Only the pictures are to be dropped; the rest of the data below is to be duplicated exactly.

INPUT MATERIAL →
_ _ _

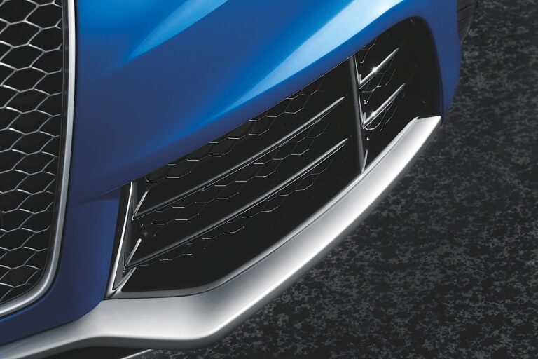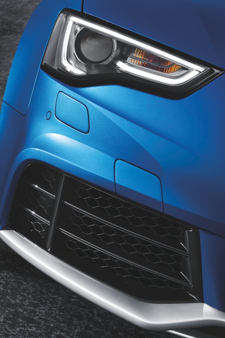 Zwężająca się kratka Singleframe dominuje na przedzie, jej boczne krawędzie wychodzą poza maskę. Ramka w matowym wyglądzie aluminium otacza kratkę, a wkładka o strukturze plastra miodu z logo RS5 błyszczy w antracycie. W wedge-shaped reflektorach z falującymi dolnymi krawędziami wzrok przyciąga zewnętrzny kształt pojazdu, tworząc wizualne wrażenie większej szerokości. Lampy xenon plus wewnątrz reflektorów otaczają paski LED, które tworzą światła dzienne.
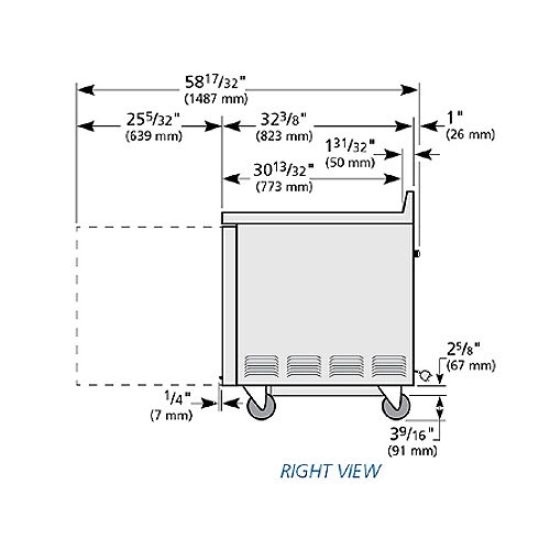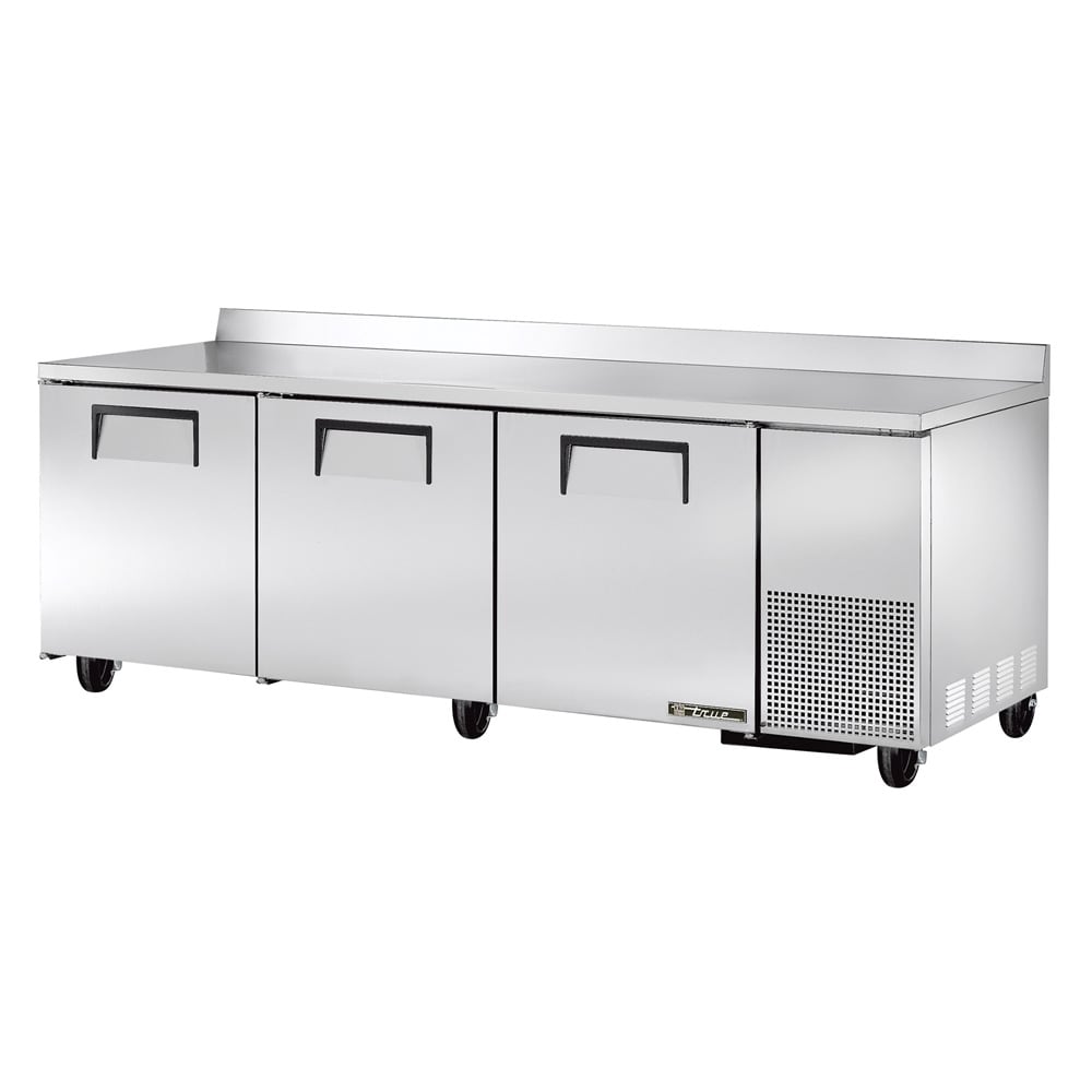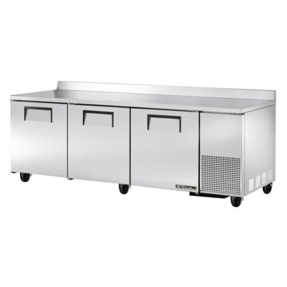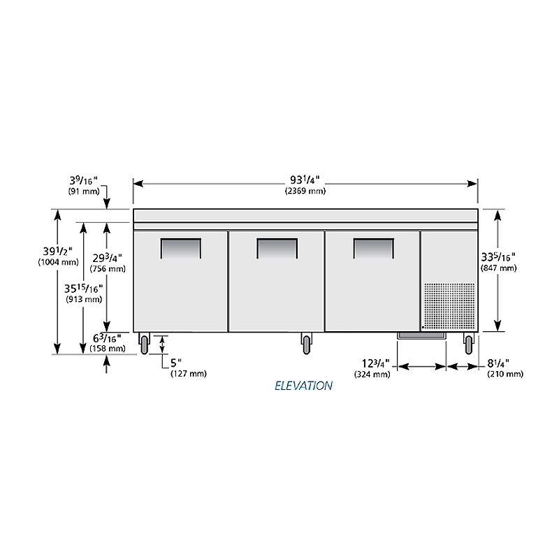 Deep Work Top Refrigerator, three-section, stainless steel top with rear splash, (3) stainless steel doors, (6) PVC coated adjustable wire shelves, stainless steel front & sides, aluminum interior with stainless steel floor, 5″ castors, side mount front breather, R290 Hydrocarbon refrigerant, 1/5 HP, 115v/60/1-ph, 2.2 amps, NEMA 5-15P, cULus, UL EPH Classified, Made in USA
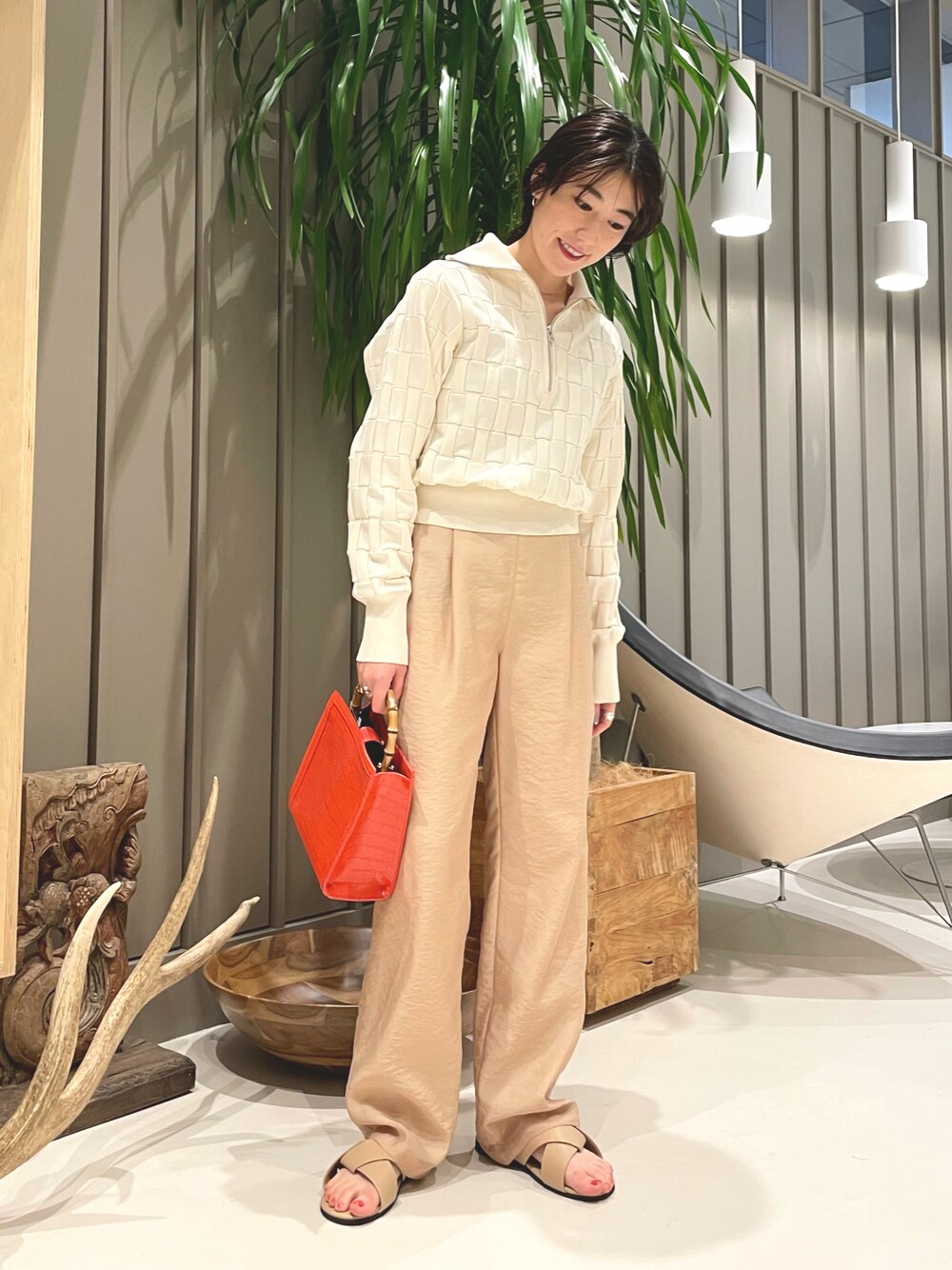 トレンドのハーフジップの新作トップス! ワントーンで合わせて、バッグで差し色❤️‍🔥
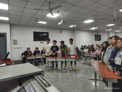 5月22日下午4时,在武教A108隆重举办了本活动的决赛,活动邀请到了学工办主任王红桥老师、院团委书记郭霖老师、辅导员张严老师和员工会主席陈星兆作为嘉宾观看比赛。
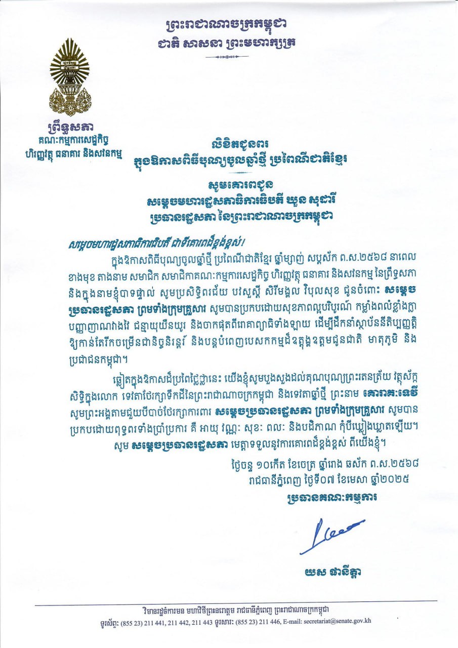 លិខិតជូនពររបស់គណៈកម្មការទី២ ព្រឹទ្ធសភា គោរពជូន សម្តេចមហារដ្ឋសភាធិការធិបតី ឃួន សុដារី ប្រធានរដ្ឋសភា នៃព្រះរាជាណាចក្រកម្ពុជា ក្នុងឱកាសពិធីបុណ្យចូលឆ្នាំថ្មីប្រពៃណីជាតិខ្មែរ
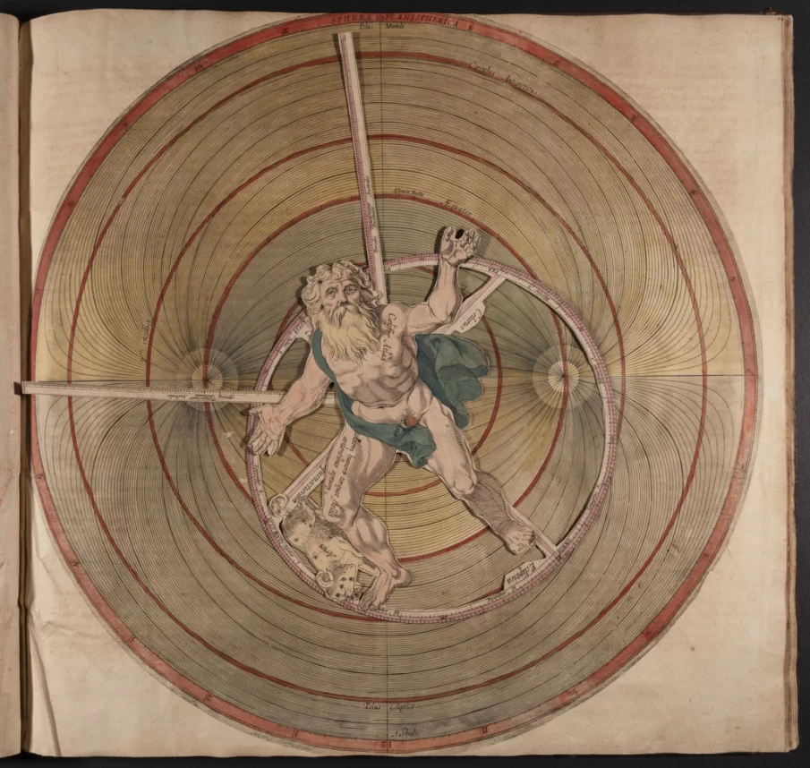 Tra gli oggetti più significativi in mostra, la Mano che scrive, automa ideato da Friedrich von Knauss (datato 1764), il primo in grado di scrivere grazie a un sofisticato meccanismo d’orologeria; il celebre Dialogo sopra i due massimi sistemi del mondo tolemaico e copernicano di Galileo Galilei (1632), l’opera che costò allo scienziato il processo per eresia; la spettacolare Astrologia, seu motus et loca siderum di Ottavio Pisani (1613), un “libro animato” ricco di tavole mobili colorate a mano che illustrano la struttura dei cieli e il moto dei pianeti. Ancora, l’Atlante nautico del Mar Mediterraneo, del Mare del Nord e degli oceani Atlantico, Pacifico e Indiano di Giovanni Oliva (1616), opera che testimonia l’interesse dei Medici per l’esplorazione oceanica e il commercio marittimo, e il volume Della trasportatione dell’obelisco vaticano di Domenico Fontana (Roma, 1590), in cui si illustra il progetto per spostare l’obelisco egizio, in origine sul lato sinistro di San Pietro a Roma, davanti alla facciata della basilica.
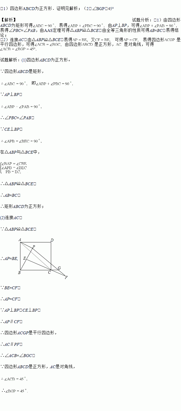 如图,P是矩形ABCD内一点,AP⊥BP于点P,CE⊥BP于点E,BP=EC.
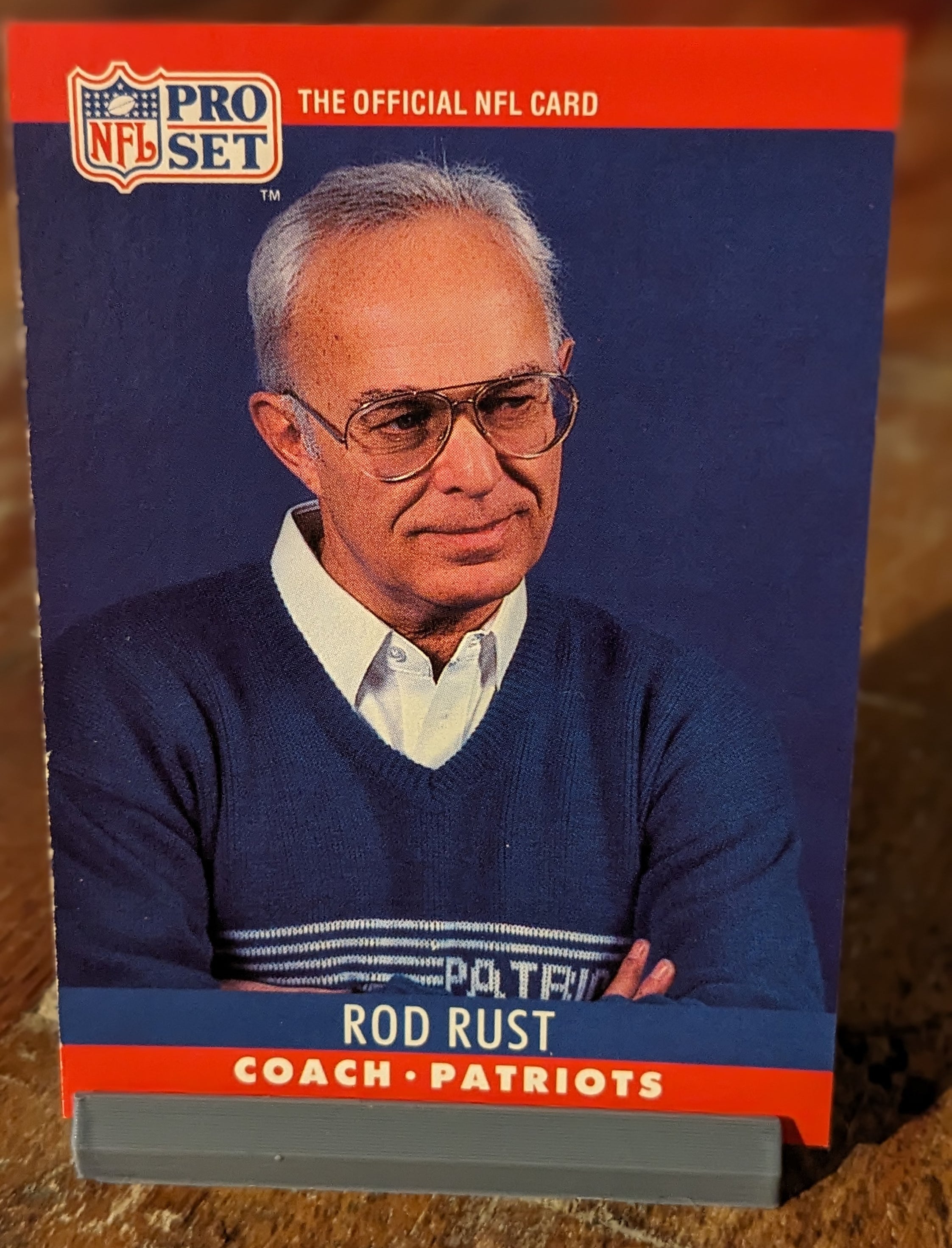 They don't put coaches on cards anymore. That's a shame. But at least we have this Rod Rust. Rust spent several years as a DC before getting a chance as Head Coach for the Patriots going 1-15 and never coaching again. He was clearly too old to shake the Rust off at that stage of his career. Maybe things would have gone better back in the 70s when he was still Rod Iron.

_ _ _

EXERCISE SOLUTION →
 Zwężająca się kratka Singleframe dominuje na przedzie, jej boczne krawędzie wychodzą poza maskę. Ramka w matowym wyglądzie aluminium otacza kratkę, a wkładka o strukturze plastra miodu z logo RS5 błyszczy w antracycie. W wedge-shaped reflektorach z falującymi dolnymi krawędziami wzrok przyciąga zewnętrzny kształt pojazdu, tworząc wizualne wrażenie większej szerokości. Lampy xenon plus wewnątrz reflektorów otaczają paski LED, które tworzą światła dzienne.
 Deep Work Top Refrigerator, three-section, stainless steel top with rear splash, (3) stainless steel doors, (6) PVC coated adjustable wire shelves, stainless steel front & sides, aluminum interior with stainless steel floor, 5″ castors, side mount front breather, R290 Hydrocarbon refrigerant, 1/5 HP, 115v/60/1-ph, 2.2 amps, NEMA 5-15P, cULus, UL EPH Classified, Made in USA
 トレンドのハーフジップの新作トップス! ワントーンで合わせて、バッグで差し色❤️‍🔥
 5月22日下午4时,在武教A108隆重举办了本活动的决赛,活动邀请到了学工办主任王红桥老师、院团委书记郭霖老师、辅导员张严老师和员工会主席陈星兆作为嘉宾观看比赛。
 លិខិតជូនពររបស់គណៈកម្មការទី២ ព្រឹទ្ធសភា គោរពជូន សម្តេចមហារដ្ឋសភាធិការធិបតី ឃួន សុដារី ប្រធានរដ្ឋសភា នៃព្រះរាជាណាចក្រកម្ពុជា ក្នុងឱកាសពិធីបុណ្យចូលឆ្នាំថ្មីប្រពៃណីជាតិខ្មែរ
 Tra gli oggetti più significativi in mostra, la Mano che scrive, automa ideato da Friedrich von Knauss (datato 1764), il primo in grado di scrivere grazie a un sofisticato meccanismo d’orologeria; il celebre Dialogo sopra i due massimi sistemi del mondo tolemaico e copernicano di Galileo Galilei (1632), l’opera che costò allo scienziato il processo per eresia; la spettacolare Astrologia, seu motus et loca siderum di Ottavio Pisani (1613), un “libro animato” ricco di tavole mobili colorate a mano che illustrano la struttura dei cieli e il moto dei pianeti. Ancora, l’Atlante nautico del Mar Mediterraneo, del Mare del Nord e degli oceani Atlantico, Pacifico e Indiano di Giovanni Oliva (1616), opera che testimonia l’interesse dei Medici per l’esplorazione oceanica e il commercio marittimo, e il volume Della trasportatione dell’obelisco vaticano di Domenico Fontana (Roma, 1590), in cui si illustra il progetto per spostare l’obelisco egizio, in origine sul lato sinistro di San Pietro a Roma, davanti alla facciata della basilica.
 如图,P是矩形ABCD内一点,AP⊥BP于点P,CE⊥BP于点E,BP=EC.
 They don't put coaches on cards anymore. That's a shame. But at least we have this Rod Rust. Rust spent several years as a DC before getting a chance as Head Coach for the Patriots going 1-15 and never coaching again. He was clearly too old to shake the Rust off at that stage of his career. Maybe things would have gone better back in the 70s when he was still Rod Iron.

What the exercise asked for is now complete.